Monday, 22 February 2010

Attorney for Stanford investors says ECCB sending mixed messages

The attorney representing Stanford investors who have just filed a lawsuit against the Eastern Caribbean Central Bank (ECCB) has identified what he says are inconsistencies in the institution’s claimed intentions for the Bank of Antigua (BoA).

Peter Morgenstern of New York firm Morgenstern & Blue LLC said two statements issued by the ECCB – one after fraud charges were laid against BoA owner Allen Stanford last February and the other in response to the Stanford Victims Coalition lawsuit announcement last week – have sent mixed messages about what the Central Bank plans for BoA.

“I think that there is a great deal of contradictory information that is being disseminated by the government officials of Antigua and now the Eastern Caribbean Central Bank and it’s very difficult for us as representative of the investors to know precisely what the position of either the government or the ECCB is under the circumstances,” he told The Daily OBSERVER.

Morgenstern pointed out that in a statement dated February 25, 2009, in which the ECCB sought to reassure the public following the run on BoA, the Central Bank said that to protect the interest of depositors and to preserve the stability of the financial system of Antigua & Barbuda, it had used its emergency powers to assume control of BoA and “took exclusive custody control and possession of all the funds, assets and other property and undertaking of the Bank wherever situated including funds on deposit at the Bank.”

“The Central Bank is therefore by law currently in control of the bank to the exclusion of the shareholder and any and all former directors of the institution,” it added.

Then last week, Morgenstern said, in outlining the facts relevant to its intervention, the ECCB insisted that it had not sold or otherwise disposed of the property, assets and undertaking of or any shareholding of BoA and that the Eastern Caribbean Amalgamated Financial Company Ltd, which was set up to run the day-to-day operations of the bank, was simply managing the bank.

“That’s clearly contradictory to the earlier statement,” Morgenstern argued. “The above clearly indicates that the ECCB was taking on much more than the management role that they and the government now allege they were taking on.”

Efforts to reach the ECCB Governor Sir Dwight Venner for a response to Morgenstern’s claims have so far been unsuccessful.

Meantime, the lawyer has sought to clarify that while his clients agree that the ECCB had both the power and obligation to stabilise the situation after the run on BoA, it’s what they did, or rather didn’t do, after that they have taken issue with.

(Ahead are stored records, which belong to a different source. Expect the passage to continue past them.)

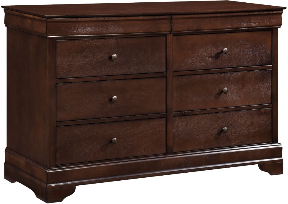 The ever-popular Louis Philippe style is achieved with a glamorous touch in the Abbeville collection. The classic lines of the dresser lend to the timeless look of this collection. Okume veneer is elegantly highlighted with a cherry finish that is further enhanced by the dark bronze tone of the knob hardware.Read More
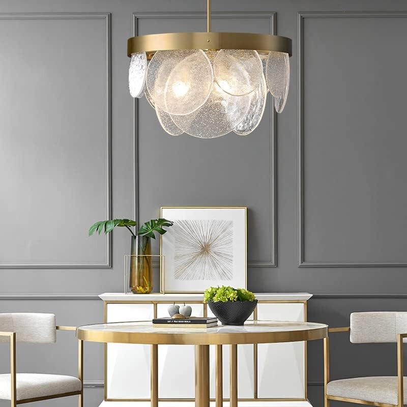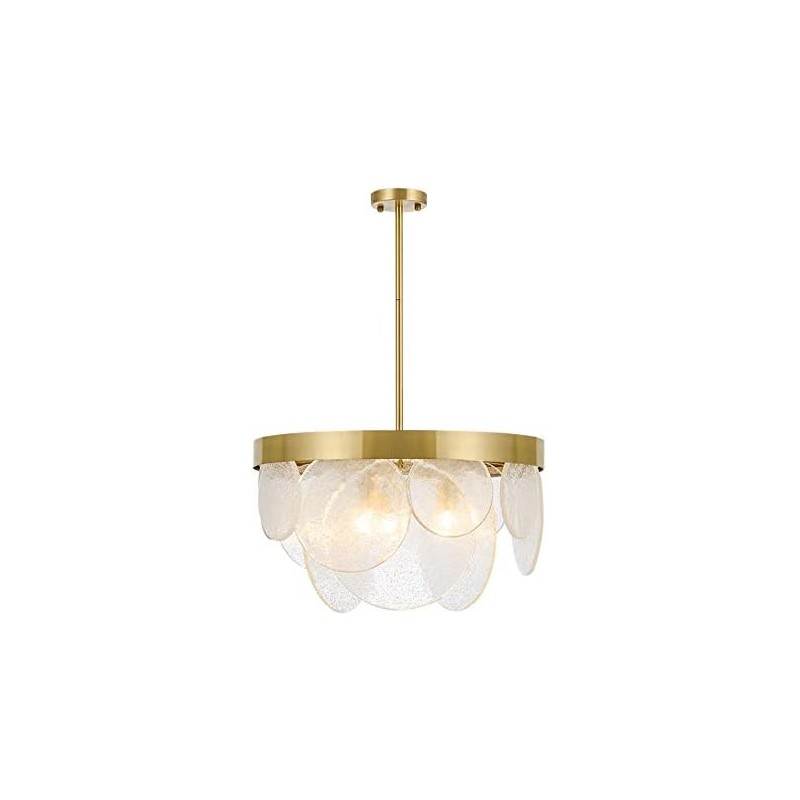 La lámpara colgante combina una estructura de metal dorado con una pantalla de vidrio transparente. Esta combinación de materiales proporciona robustez y ligereza visual. El metal garantiza la solidez necesaria para una instalación duradera, mientras que el vidrio difunde la luz de manera armoniosa. El conjunto cuenta con un acabado cuidadosamente trabajado para un resultado elegante.
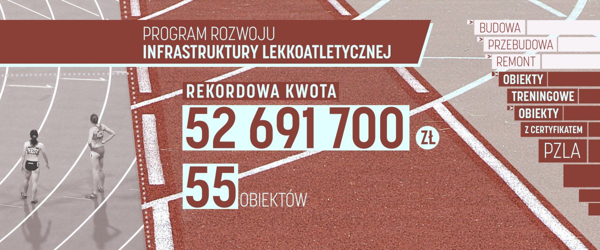 Dofinansowaniem w ramach Programu Rozwoju Infrastruktury Lekkoatletycznej realizowanego przez Ministerstwo Sportu i Turystyki zostały objęte zadania inwestycyjne dotyczące budowy, przebudowy lub remontu obiektów zarówno treningowych jak i umożliwiających profesjonalne współzawodnictwo. Kwota ponad 52 mln zł będzie wypłacana do 2020 roku.
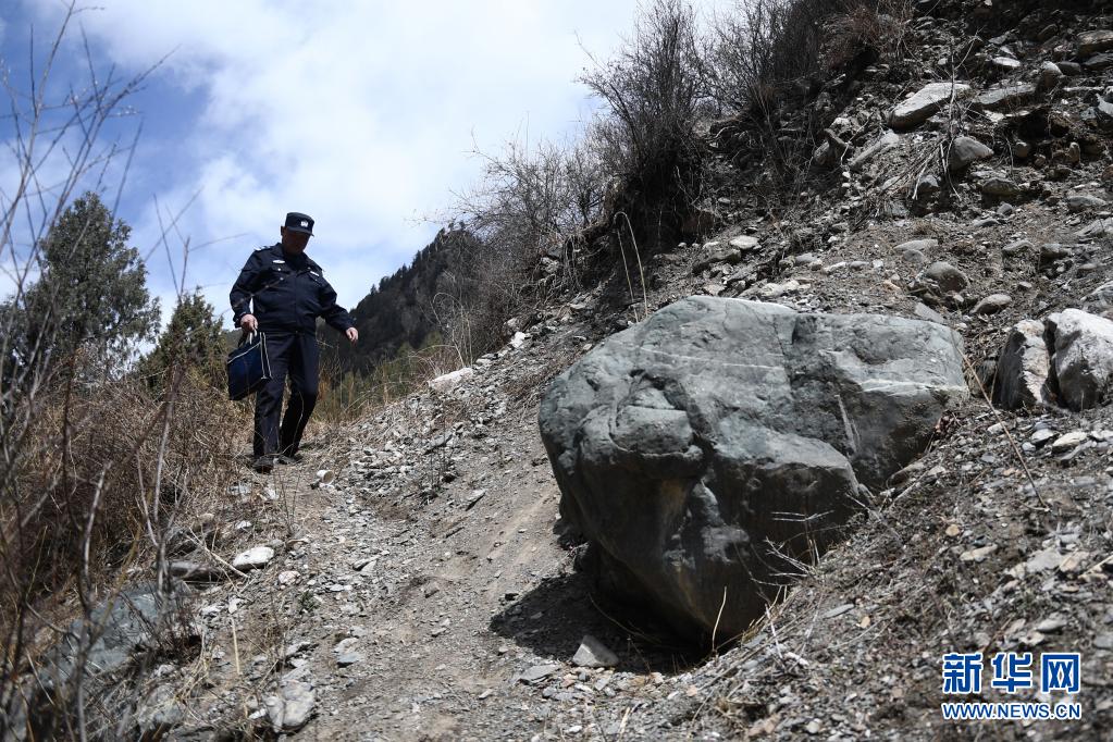 4月16日,在寺沟景区警务室辖区内的珠固乡寺沟村,赵延寿进村提供警务服务。新华社记者 张龙 摄
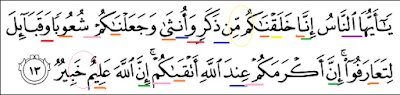 Demikian pembahasan tentang Tajwid Surat Al Hujurat Ayat 13, mudah - mudahan bermanfaat untuk kita semuanya. aamiin.
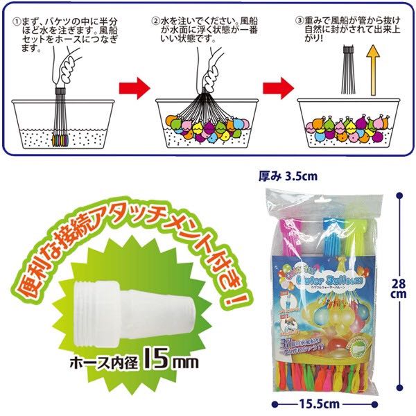 ホースについないで、水を入れるだけで37個の水風船のできあがり!
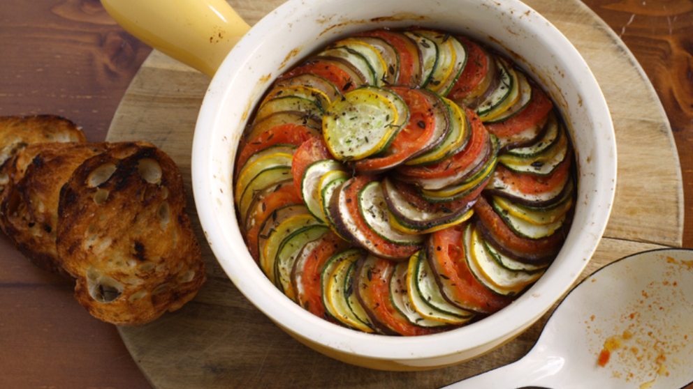 ¿Cuando escuchas «ratatouille», seguro que lo asocias inmediatamente a la película del ratón chef, ¿verdad que sí? Este plato es una especialidad de la cocina francesa, específicamente de Provenza. Lleva un montón de hortalizas como berenjena, calabacín, tomate, pimiento y cebolla, todo ello sazonado con hierbas aromáticas, y se puede preparar de diversas formas, como en cazuela, al horno o cocinando cada verdura por separado.
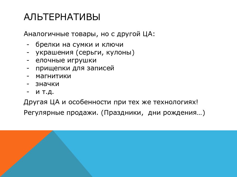 Аналогичные товары, но с другой ЦА: брелки на сумки и ключи украшения (серьги, кулоны) елочные игрушки прищепки для записей магнитики значки и т.д. Другая ЦА и особенности при тех же технологиях! Регулярные продажи. (Праздники, дни рождения…)
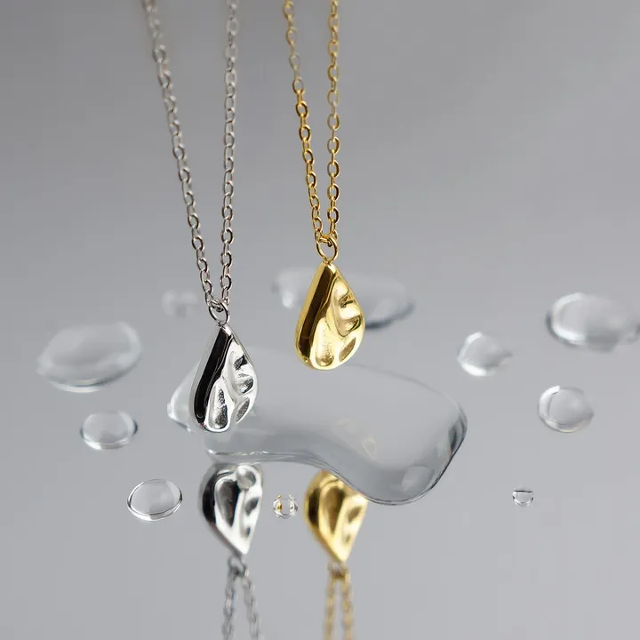 金属アレルギー対応「ieLS」ステンレス ドロップチャームネックレス シルバー
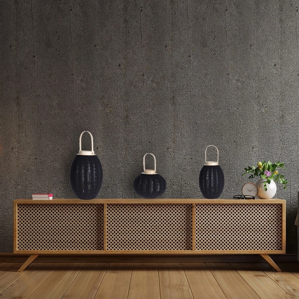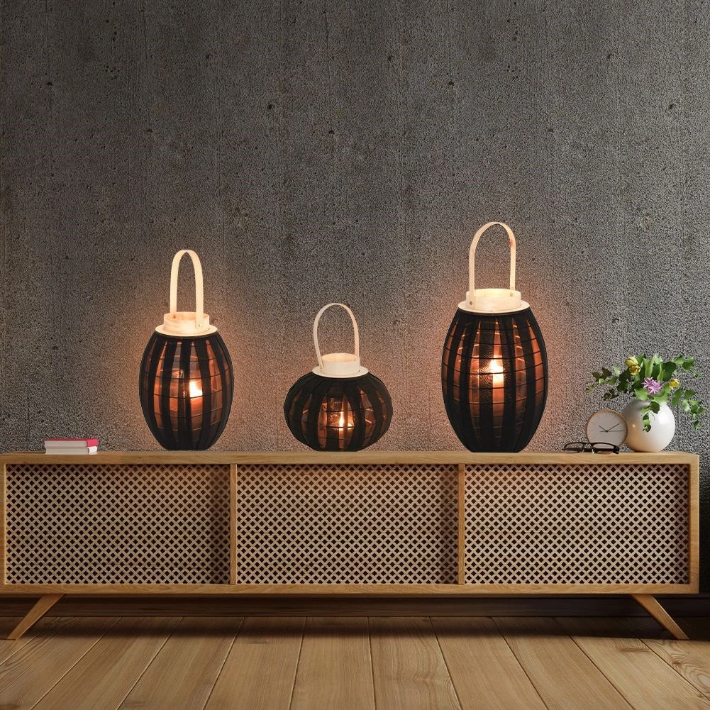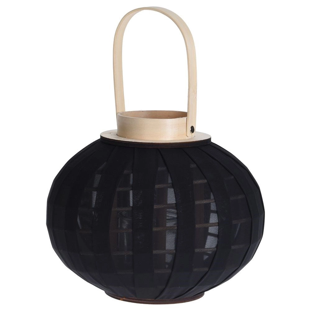 Eleganter schwarzer Lampion mit natürlichem Holzgriff, der eine angenehme Atmosphäre schafft und die Flamme sicher in einem Glaszylinder birgt. Dank der kompakten Maße 22 × 24 cm eignet er sich für Tisch, Regal sowie als Dekoration für Terrasse oder Balkon.
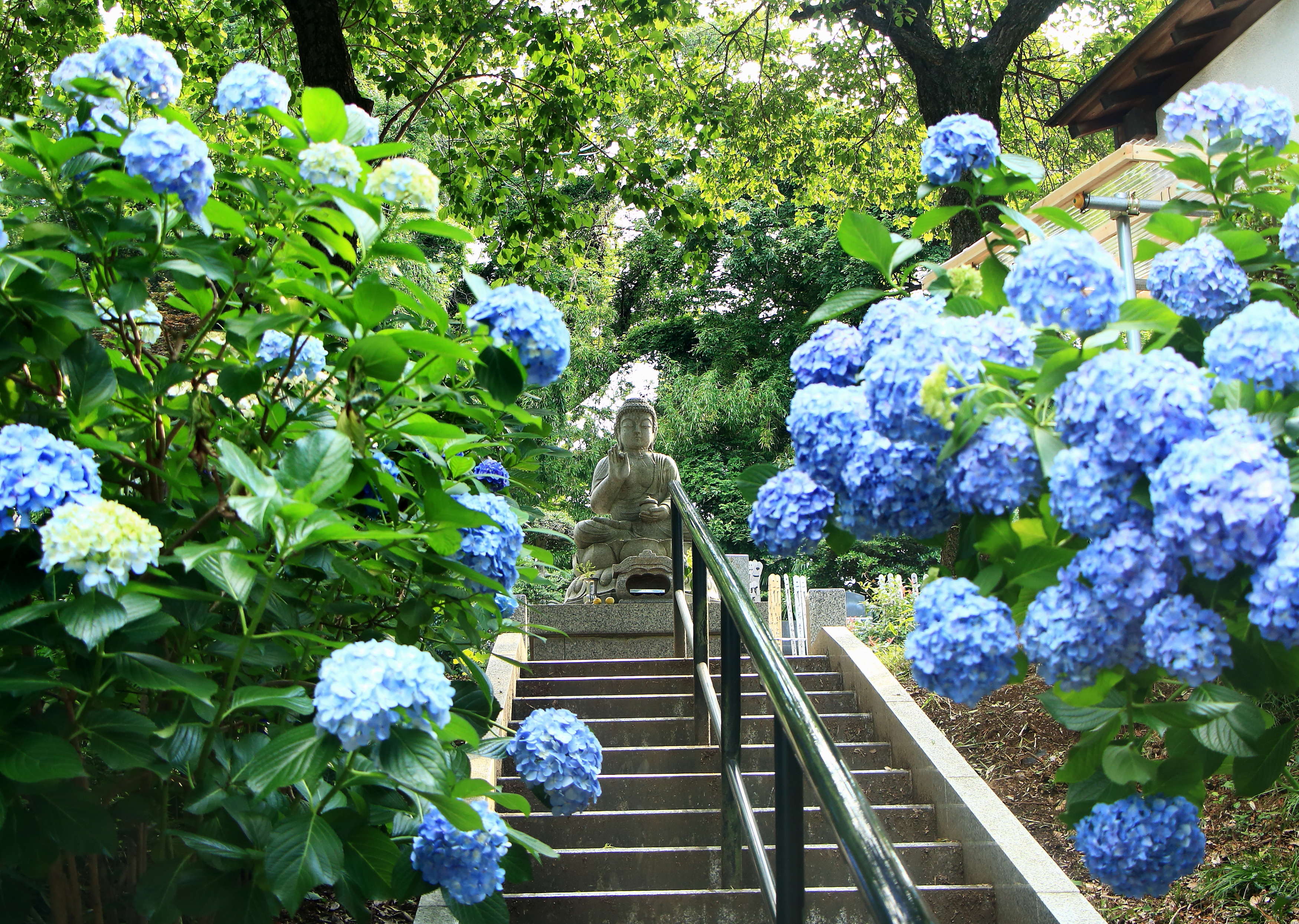 多摩区長尾にあるあじさい寺「妙楽寺」には28種約1,000株の紫陽花が植えられ、境内一面に咲いています。

The attorney claimed that the ECCB did not follow through on its own laws and regulations.

“Once they took the action they took, legally under their own governing statute they were required to retain an independent, outside auditor to determine the value of the bank and to distribute the value of the institution to the owners of the bank if there was a value, and we think it was very valuable and continues to be a very valuable financial institution,” he said, insisting that the rightful owners in this case are the victims of Stanford’s alleged US $8 billion fraud.

Finance Minister Harold Lovell had earlier indicated that the BoA would be valued but to date, there has been no update on whether it has been completed.